The 10th Chess Olympiad (10. Shakkiolympialaiset; Den 10:e Schackolympiad), organized by the FIDE and comprising a team tournament, took place between August 9 and August 31, 1952, in Helsinki, Finland.

The Olympiad was especially notable for the debut of the Soviet team, who won their first gold medals and went on to completely dominate the Olympiads for the next four decades.

After the tournament, it was generally agreed that the small preliminary and final groups of only 8–9 teams left too much open to chance, since a single blunder would have an impact too big on the final standings.
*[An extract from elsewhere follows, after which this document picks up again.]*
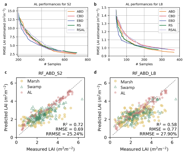 為解決上述科學(xué)問(wèn)題,中國(guó)科學(xué)院東北地理所濕地遙感研究團(tuán)隊(duì)基于多年野外原位數(shù)據(jù)積累與多源遙感數(shù)據(jù),率先構(gòu)建了一套面向全國(guó)尺度的濕地LAI混合反演與制圖方法框架,實(shí)現(xiàn)了我國(guó)國(guó)家尺度濕地植被生態(tài)參數(shù)、10 m空間分辨率的突破。該研究整合了2013–2023年期間我國(guó)不同濕地植被類型的865組野外實(shí)測(cè)LAI數(shù)據(jù),通過(guò)遙感云計(jì)算平臺(tái)融合多源衛(wèi)星影像(Sentinel-2與Landsat-8),創(chuàng)新性地提出一種“物理模型+主動(dòng)學(xué)習(xí)+機(jī)器學(xué)習(xí)回歸”的混合建模策略。通過(guò)經(jīng)典輻射傳輸模型(PROSAIL-5B)增強(qiáng)模型可解釋性,采用主動(dòng)學(xué)習(xí)技術(shù)優(yōu)化訓(xùn)練樣本分布,緩解病態(tài)反演和樣本冗余問(wèn)題,提高復(fù)雜濕地生物群系下的模型泛化能力,結(jié)合隨機(jī)森林機(jī)器學(xué)習(xí)算法建立高效穩(wěn)健的LAI反演模型。
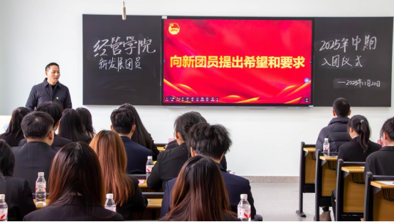 学院党委副书记平先锋对新团员表示祝贺,并基于学生成长实际提出三点希望:一要筑牢政治根基,持续提升理论素养,关心时事政策,规范网络言行,锻造清醒的头脑与坚定的政治立场;二要专注学业发展,夯实专业基础,端正学习态度,克服懈怠情绪,以扎实学识构筑个人核心竞争力;三要积极投身实践,服务社会大局,善用第二课堂拓展能力,在实践中锤炼本领,努力成长为担当民族复兴大任的时代新人。

Consequently, FIDE decided that in the future, no final should have less than 12 participants.

==Results==

===Preliminaries===

Twenty-five teams entered the competition and were divided into three preliminary groups of eight or nine teams. The top three from each group advanced to Final A, the teams placed fourth-sixth to Final B, and the rest to Final C. All groups and finals were played as round-robin tournaments.

Group 1 was won by Argentina, ahead of West Germany and Czechoslovakia. England, Denmark, and Cuba took the following places, while Iceland, Saar, and Luxembourg finished in the bottom third.

Sweden took first place in group 2, ahead of Hungary and Yugoslavia. East Germany, Austria, and Italy took places four through six, while Brazil and Norway finished seventh and eighth.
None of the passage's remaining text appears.